Happy dogs & owners 3 years later!

I am always reading or hearing others talk about this “fall out” of remote collar dog training.  They state that dogs trained with remote training collars will have long term effect such as more fear and anxiety.  I find this information incorrect.  I have trained hundreds of dogs using remote training collars and have not seen this outcome.  Now don’t get me wrong, there is a right and wrong way to train with these collars or any other training method for that matter.

Here are a couple stories of client that started training several years ago and their thought about remote collar training, in their own words.

Zeke & Lucy (started training in Dec. 2008)

“As a paramedic who has treated numerous dog bites and a fatality from a dog mauling it was vital to me that my dogs could be trusted around children. I’m also very attached to my dogs and either of them sustaining serious injury or death would be devastating for me so I needed a reliable recall. With this in mind, we asked Summer Milroy for e-collars and the training to use them effectively.

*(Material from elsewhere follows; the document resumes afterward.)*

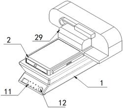 一打印平台(2),所述打印平台(2)上端面平行滑动设有一打印头(29),所述打印平台(2)上端面开腔设有一腔体(21);

My wife was originally reluctant to use the collars until I had used them on myself (both anterior forearm and my neck) above the level that we would usually use on the dogs. Both dogs responded very well to the training and it is now very seldom that I even use the controller for the collar because Lucy and Zeke are usually listening for us even when out of sight. We frequently hike or ski and our dogs are our constant companions on our outings because they are well mannered and have a reliable recall to keep them from endangering themselves or others. On a recent hike I heard the dogs barking and looked over to see a large cow moose right next to the trail. Zeke was directly in front of her barking and Lucy running to join him. I stopped and called “Zeke come! Lucy come!” Both dogs immediately stopped barking and ran back to where I was working my way away from the moose and into the brush. As we worked around the moose, both dogs would periodically look back toward the moose that was looking at us with her ears slicked back. In a conversational voice I said “No, leave it.” Both dogs then followed me until we were able to intersect the trail again away from the danger. That is one of many incidents involving moose, bear, DallSheep and other people aggressive dogs where I was able to keep my dogs safe by getting them to obey even when excited or scared.

I know there are those who believe that using the e-collars is cruel, but nothing can be further from the truth. What is cruel is penning up a dog or leaving them alone because they cannot be trusted to accompany you. I’ve shocked myself in the neck and I don’t have the protection that a dog does (my neck is skinny and shaved). The dogs own behavior bares this out; when they see me pull the collars off the shelf, both rush up and try to be first who gets the collar on. For them the collars mean fun. When the collars come off is when they sulk because they know that they’ll be inside the rest of the evening. I also have two of the sweetest dogs ever who’s greatest fault is that thinking that 70 pounds is lap-dog size. I never worry about them around children other than bowling them over while running and playing. Our veterinarian has even commented on how friendly the dogs are during exams and even while getting stitches.

Lucy and Zeke are the best dogs anyone could ever ask for and I owe a lot of it to the e-collars and training we received from Summer Milroy at On the Ball K9 Training.”

~Rhett Paulson – Anchorage Alaska


Zoe (started training in September 2008)

“Three years ago we rescued the cutest little Pit-Lab girl we named Zoe. She was an energetic bundle of cuteness and so fast!!!! Oh, she was naughty and to get her to walk on a leash was the most frustrating experience. I started using a choke collar to teach her not to pull, to no avail. I didn’t like the idea of a pinch collar. I was at a loss for how to train her and as she grew she was increasingly difficult to control and was more and more aggressive toward other dogs. Walks at the park were out; if she were off leash she would run and couldn’t be called back. On leash she could nearly pull my arm off. So we stayed home and with lack of exercise she became unmanageable. I found our trainer Summer and her assistant Modi with “On the Ball K9”. They were Zoe’s saving grace.
After seeing Zoe in action Summer recommended among other things, an e-collar, I was appalled at the thought of “shocking” my baby into
submission. I was resistant and had to think about it, and we tried training without the collar. I was at the end of my rope and the next step  would have been the pound for her. I couldn’t in my heart do that to her without giving her proper training, I would have failed her. So Summer brought the collar and we gave it a try. First, I tried it on my own hand and while it zapped me, I wasn’t electrocuted!  After learning the proper techniques with this qualified trainer, Zoe and I learned to walk on leash, she learned to come when called, she was less aggressive with other dogs. She learned to sit and stay. This was a miracle!

When Zoe walks now we still use the collar. She jumps and prances and wiggles, she knows it is time for a walk, she noses the collar and sits quite still while I put it on. When she needs correction as she still does at times, she doesn’t flinch, cry, or yelp. She is voice-corrected twice and if she doesn’t respond
just a little “nick” and she is back behaving like the young lady she has become. I believe with all my heart that this collar saved my dog’s life, should she gone to the pound with her bad behaviors, I’m sure they would have put her down. I found it more humane to train her in this fashion, than to allow her to be put down. Should I train another dog I would again turn to an e-collar again. Thank-you Summer and Modi!”